Second, the street areas with a low GVI within the study area are concentrated in areas of the city with a high density of commercial facilities, new construction areas, areas around elevated roadways, the city’s fourth level (7.0-6.5m), and the crossroad of the city’s main roads. The Japanese scholar Yoshinobu Ashihara once mentioned in his book entitled Street Aesthetics, that “streets are the mark by which tourists evaluate a city.” Thus, in urban street design and beautification, full consideration should be given to the relationship between the street width and the scale of surrounding facilities. The area within the Third Ring Road of Chengdu is the center of the city’s economic and social development yet faces the problem of dense building facilities and limited green space. Relevant studies have previously shown that urban street facade greening has the effect of beautifying the urban environment, lowering the temperature of the city, and enhancing the GVI(Wong et al.,2010; Hunter et al.,2014; Alsaad et al.,2022). Recently, it has become a common practice in many cities, such as the “urban forest” projects in Singapore and Malaysia; and in government departments for areas such as Beijing and Shenzhen to promote the greening of urban rooftops and walls through the issuance of building codes and design guidelines (Peng et al., 2020). These measures have some reference value for improving the GVI of the streets in Chengdu City in the future.

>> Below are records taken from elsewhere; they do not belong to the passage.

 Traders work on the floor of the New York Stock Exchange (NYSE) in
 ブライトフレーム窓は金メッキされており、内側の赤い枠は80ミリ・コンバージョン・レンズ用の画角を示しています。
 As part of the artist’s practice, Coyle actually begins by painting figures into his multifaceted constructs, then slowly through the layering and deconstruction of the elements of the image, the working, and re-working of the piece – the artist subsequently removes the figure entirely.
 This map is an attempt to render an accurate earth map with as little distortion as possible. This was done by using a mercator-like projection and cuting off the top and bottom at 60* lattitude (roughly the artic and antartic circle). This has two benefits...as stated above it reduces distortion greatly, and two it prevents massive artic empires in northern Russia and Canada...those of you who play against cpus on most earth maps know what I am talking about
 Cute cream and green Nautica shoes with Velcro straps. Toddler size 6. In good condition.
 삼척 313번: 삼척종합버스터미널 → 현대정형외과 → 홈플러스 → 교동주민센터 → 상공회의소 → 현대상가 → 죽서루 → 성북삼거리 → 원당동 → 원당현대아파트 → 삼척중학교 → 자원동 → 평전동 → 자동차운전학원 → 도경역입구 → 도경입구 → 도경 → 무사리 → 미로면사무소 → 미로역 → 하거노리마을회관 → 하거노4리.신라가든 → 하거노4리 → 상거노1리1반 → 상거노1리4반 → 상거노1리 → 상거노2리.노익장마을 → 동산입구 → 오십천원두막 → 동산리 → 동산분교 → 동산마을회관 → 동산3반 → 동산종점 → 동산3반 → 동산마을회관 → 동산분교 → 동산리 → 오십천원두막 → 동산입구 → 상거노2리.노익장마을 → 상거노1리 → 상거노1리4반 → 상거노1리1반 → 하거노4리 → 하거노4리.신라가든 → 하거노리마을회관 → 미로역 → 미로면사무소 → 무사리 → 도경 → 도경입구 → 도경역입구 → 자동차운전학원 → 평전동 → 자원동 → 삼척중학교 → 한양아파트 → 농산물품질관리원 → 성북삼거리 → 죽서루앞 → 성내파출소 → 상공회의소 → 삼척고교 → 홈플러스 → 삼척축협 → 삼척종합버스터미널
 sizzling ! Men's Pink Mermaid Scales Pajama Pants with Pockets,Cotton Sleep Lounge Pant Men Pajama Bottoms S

Third, this study analyzed the concentration of road traffic and people’s activities in Chengdu, and concluded that highly integrated streets are mainly concentrated within the Second Ring Road of the city, whereas highly integrated and low GVI areas are mainly concentrated within the First Ring Road of the city. Moreover, highly integrated and high GVI areas are concentrated within the Second Ring Road, in areas around campuses, rivers, and parks and green spaces. This result indicates that the connectivity of roads and green infrastructure still needs to be improved in the urban transportation center area. Urban roads, such as urban transportation networks, are the main spaces that connect residents’ daily lives with other facilities in society. Therefore, on this basis, it is expected that in the future construction of the urban green infrastructure networks in Chengdu, attention should be paid to the improving the green environment of streets in areas with high integration degrees but a low GVI.

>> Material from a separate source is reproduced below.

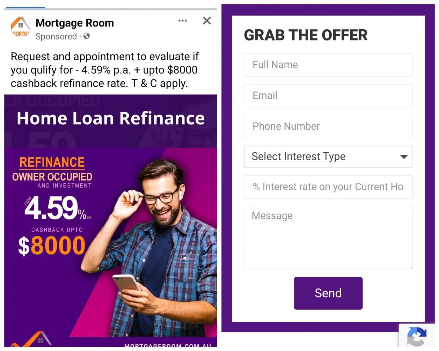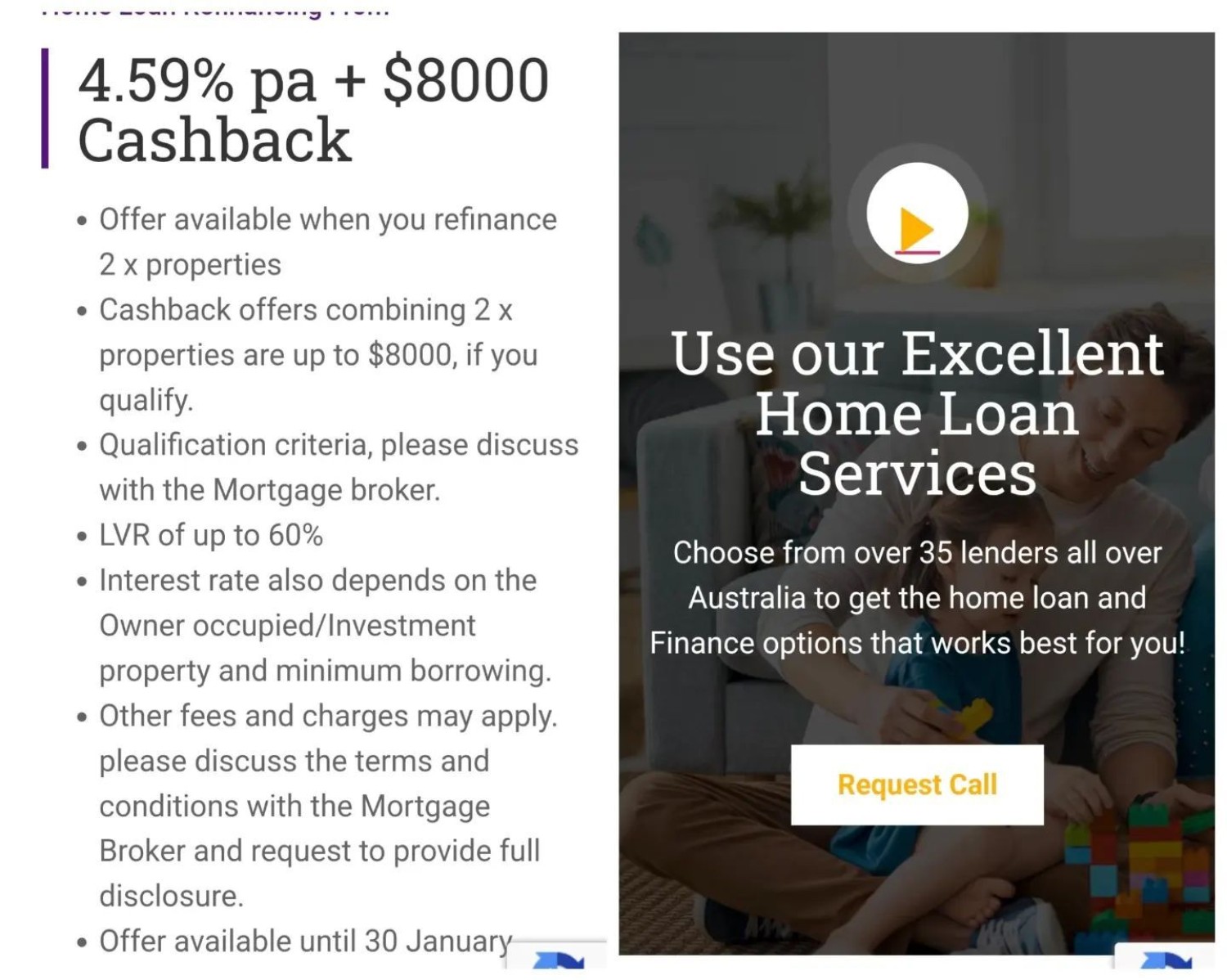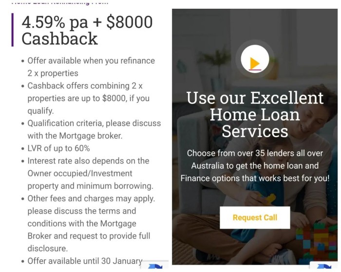 The ad fails to provide the comparison rate, and the broad cashback headline is available to around 0.7% of the population. Both are quantitative statements that require disclaimers.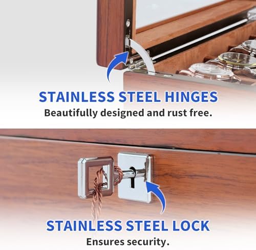 I was very pleased with the quality of this watch box, well exceeded my expectations. Will make a fine gift for a watch enthusiast. Excellent value for the money. Don’t pass on this one, you won’t be disappointed.

However, this study also has the following limitations. First, although the use of Street View images were used to analyze the GVI, these are more convenient and efficient compared to the traditional method of manually measuring the GVI due to the limitations in the collection time and weather, the seasonal changes by plants in different weather conditions will, to a certain extent, affect the measurement of the GVI value. Therefore, the use of BSVI Historic Street View and Google Street View will be considered in future research to advance the time dimension.
Second, this study analyzed the balance in the spatial distribution of the Street GVI, and the connectivity between the urban parks and roads. However, the assessment of the GVI does not provide a multifaceted analysis of the influencing factors, such as the urban climatic environment, socioeconomic factors, etc. Thus, more environmental factors will be considered in future studies.